BEGIN GIVEN INFORMATION

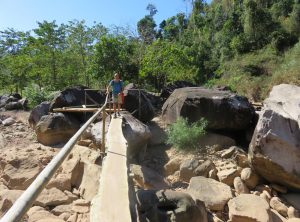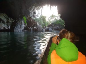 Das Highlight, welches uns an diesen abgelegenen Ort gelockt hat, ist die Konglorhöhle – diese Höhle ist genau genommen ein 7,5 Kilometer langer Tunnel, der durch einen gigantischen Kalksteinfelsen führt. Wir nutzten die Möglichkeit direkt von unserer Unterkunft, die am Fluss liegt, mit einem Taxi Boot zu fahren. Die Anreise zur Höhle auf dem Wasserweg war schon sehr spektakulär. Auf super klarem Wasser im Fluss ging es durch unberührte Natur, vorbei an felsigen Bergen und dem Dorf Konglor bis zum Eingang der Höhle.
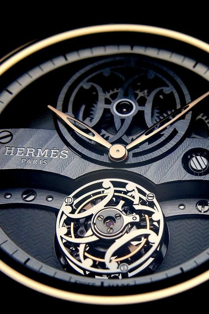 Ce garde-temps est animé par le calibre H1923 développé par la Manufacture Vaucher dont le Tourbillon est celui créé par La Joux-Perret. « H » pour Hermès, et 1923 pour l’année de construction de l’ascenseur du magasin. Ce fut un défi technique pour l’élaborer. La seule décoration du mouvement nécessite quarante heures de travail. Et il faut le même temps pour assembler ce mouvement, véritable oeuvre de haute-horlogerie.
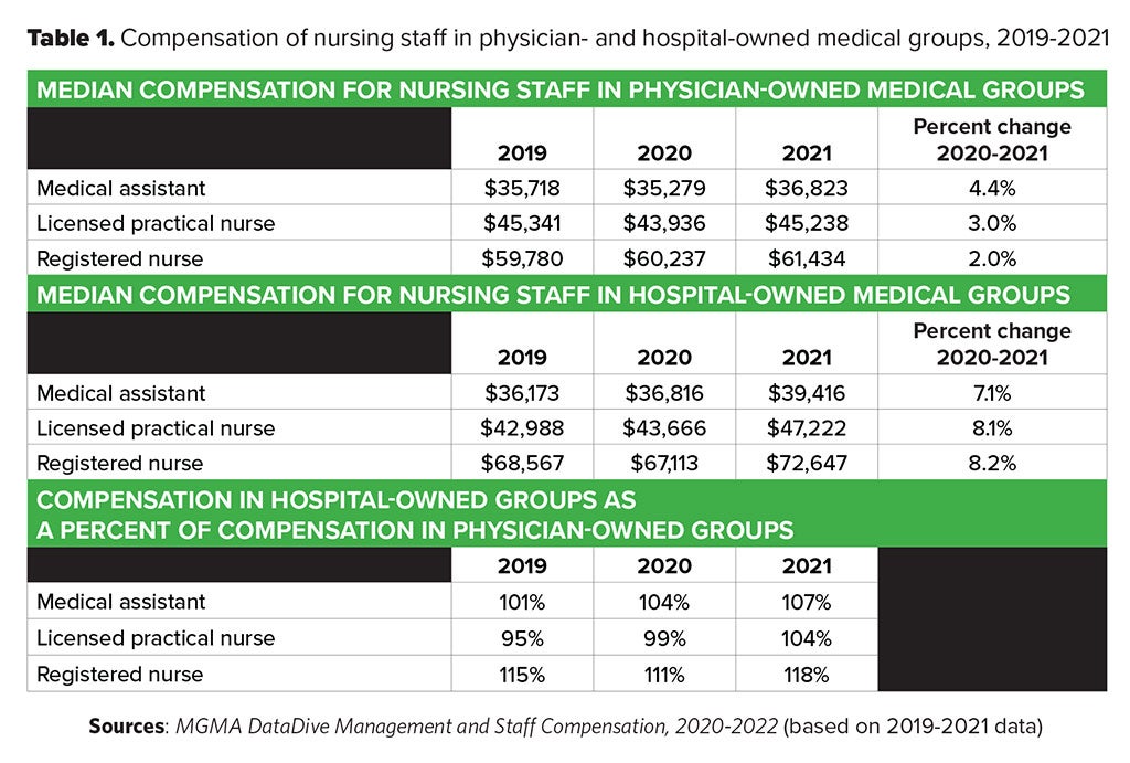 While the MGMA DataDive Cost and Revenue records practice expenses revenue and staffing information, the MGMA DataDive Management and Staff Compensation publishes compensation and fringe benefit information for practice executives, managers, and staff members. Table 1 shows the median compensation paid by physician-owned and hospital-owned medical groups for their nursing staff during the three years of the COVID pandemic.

END GIVEN INFORMATION

**WORK TASK**. Reproduce the material exactly; keep pictures out.

**WRITTEN SOLUTION**.
 Das Highlight, welches uns an diesen abgelegenen Ort gelockt hat, ist die Konglorhöhle – diese Höhle ist genau genommen ein 7,5 Kilometer langer Tunnel, der durch einen gigantischen Kalksteinfelsen führt. Wir nutzten die Möglichkeit direkt von unserer Unterkunft, die am Fluss liegt, mit einem Taxi Boot zu fahren. Die Anreise zur Höhle auf dem Wasserweg war schon sehr spektakulär. Auf super klarem Wasser im Fluss ging es durch unberührte Natur, vorbei an felsigen Bergen und dem Dorf Konglor bis zum Eingang der Höhle.
 Ce garde-temps est animé par le calibre H1923 développé par la Manufacture Vaucher dont le Tourbillon est celui créé par La Joux-Perret. « H » pour Hermès, et 1923 pour l’année de construction de l’ascenseur du magasin. Ce fut un défi technique pour l’élaborer. La seule décoration du mouvement nécessite quarante heures de travail. Et il faut le même temps pour assembler ce mouvement, véritable oeuvre de haute-horlogerie.
 While the MGMA DataDive Cost and Revenue records practice expenses revenue and staffing information, the MGMA DataDive Management and Staff Compensation publishes compensation and fringe benefit information for practice executives, managers, and staff members. Table 1 shows the median compensation paid by physician-owned and hospital-owned medical groups for their nursing staff during the three years of the COVID pandemic.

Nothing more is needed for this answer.